The last time a woman was bestowed the honour was in 1986 when Corazon Aquino, the first woman president of the Philippines was on the cover of Time magazine as its 'Person of the Year'.
Merkel, herself a refugee who grew up in an undemocratic German Democratic Republic, has emerged as the 'indispensable player' in managing Europe's serial debt crises and also led the West's response to Vladimir Putin's 'creeping theft' of Ukraine.
Under her leadership, Germany bailed Greece out, welcomed refugees as casualties of radical Islamist savagery and not carriers of it, and deployed troops abroad in the fight against the dreaded Islamic State.
'Merkel brandished a different set of values -- humanity, generosity, tolerance -- to demonstrate how Germany's great strength could be used to save, rather than destroy.

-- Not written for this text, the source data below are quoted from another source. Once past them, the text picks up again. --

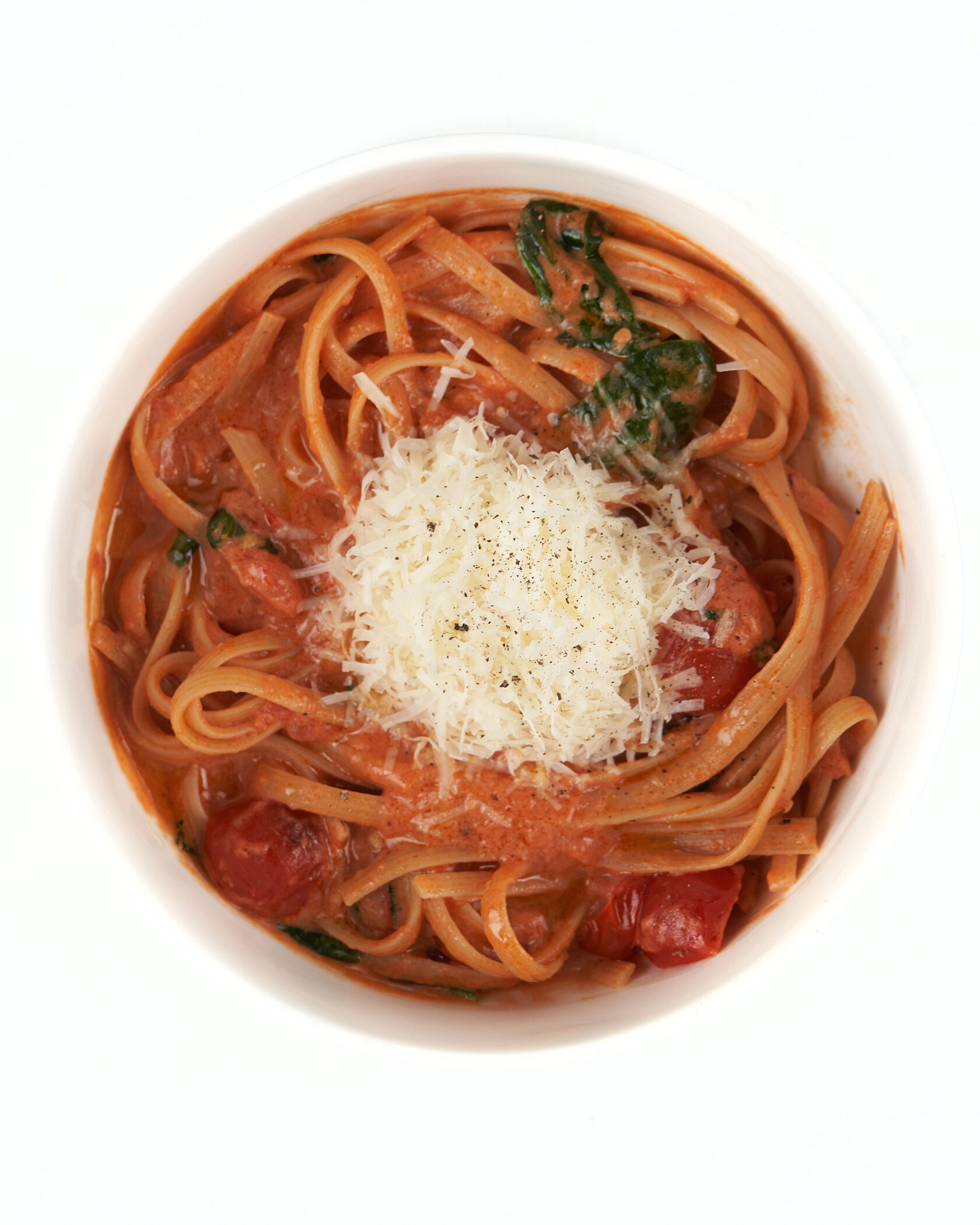 томат черри, базилик, чеснок, сливки, шпинат, оливковое масло, пармезан.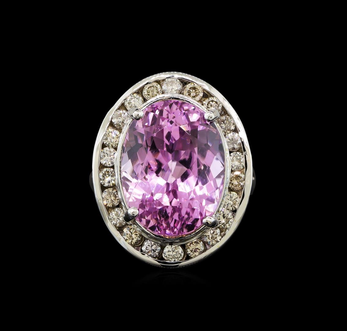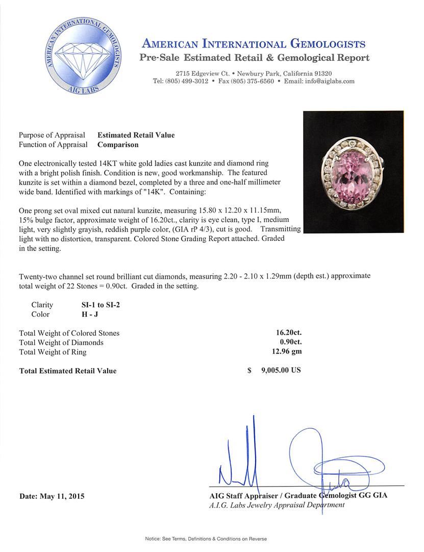 One electronically tested 14KT white gold ladies cast kunzite and diamond ring with a bright polish finish. The featured kunzite is set within a diamond bezel, completed by a three and one-half millimeter wide band. Identified with markings of "14K". Condition is new, good workmanship. Containing: One prong set oval mixed cut natural kunzite, measuring 15.80 x 12.20 x 11.15mm, 15% bulge factor, approximate weight of 16.20ct., clarity is eye clean, type I, medium light, very slightly grayish, reddish purple color, (GIA rP 4/3), cut is good. Transmitting light with no distortion, transparent. Colored Stone Grading Report attached. Graded in the setting. Twenty-Two channel set round brilliant cut diamonds, measuring 2.20 - 2.10 x 1.29mm (depth est.) approximate total weight of 22 Stones = 0.90ct. Graded in the setting. Clarity: SI-1 to SI-2. Color: H - J. Total Weight of Colored Stones 16.20ct. Total Weight of Diamonds 0.90ct. AIG Appraised at $9,005.00.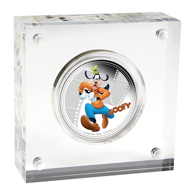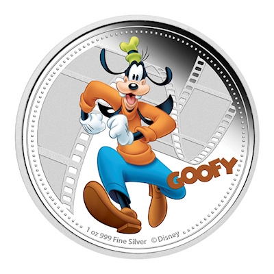 Voller Enthusiasmus stürmt der ungelenke Hund auf dem Motiv der Silbermünze dem Betrachter entgegen. Wer ihn kennt, wartet schon darauf, dass er im nächsten Moment auf haarsträubende Weise zu Fall kommt. Goofy ist der ewige Tollpatsch unter den Disney-Figuren – und das schon seit 1932. Im Laufe der Zeit hat Goofy schon viele Rollen gespielt: als Freund von Donald und Micky, als Sportler, als Jedermann mit typischen Alltagsproblemen und als alleinerziehender Vater. Seine typische Ungeschicklichkeit hat er dabei jedoch immer behalten.

It is rare to see a leader in the process of shedding an old and haunting national identity,' Time said.
The magazine quoted the leader as saying, 'If we now have to start apologising for showing a friendly face in response to emergency situations, then that's not my country.'
The first runner-up for Time 'Person of the Year' is al-Baghdadi, the head of IS who 'exports extreme violence and twisted religion around the globe'.

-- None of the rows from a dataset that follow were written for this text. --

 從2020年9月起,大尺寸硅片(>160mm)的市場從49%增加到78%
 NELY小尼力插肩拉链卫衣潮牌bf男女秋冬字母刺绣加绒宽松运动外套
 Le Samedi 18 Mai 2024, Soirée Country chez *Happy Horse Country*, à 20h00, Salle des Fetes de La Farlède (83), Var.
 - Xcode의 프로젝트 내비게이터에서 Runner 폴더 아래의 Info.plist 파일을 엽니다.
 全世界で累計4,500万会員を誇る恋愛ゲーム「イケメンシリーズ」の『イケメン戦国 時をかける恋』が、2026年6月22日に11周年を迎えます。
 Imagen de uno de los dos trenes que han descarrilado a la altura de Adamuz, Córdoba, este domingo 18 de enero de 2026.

Time described the 44-year-old IS leader as 'the brooding muezzin of death' who leads the terror group.
'In 2015, al-Baghdadi... transformed the breakaway al-Qaeda group from a battlefield force operating in the chaos of Syria and Iraq into a transnational terrorist franchise killing civilians in more than a dozen countries around the world,' it said.
'Orchestrating deadly attacks against far-flung targets -- including sports stadiums, beach resorts and museums -- IS has killed more than 1,200 civilian victims outside of Iraq and Syria this year while luring a steady stream of recruits to the so-called Islamic State,' Time said.
He is followed by Trump, activists of the Black Lives Matter movement, Rouhani, Uber Chief Executive Officer Travis Kalanick and transgender activist Caitlyn Jenner.
On Trump, who made the ‘extraordinary call’ to bar all Muslims from entering the US, the magazine said ‘everything about him is a challenge, a test -- even for the thousands of people who attend his rallies and cheer his outrages’.
It said Trump's supporters hail his 'tell-it-like-it-is toughness' and his defiance.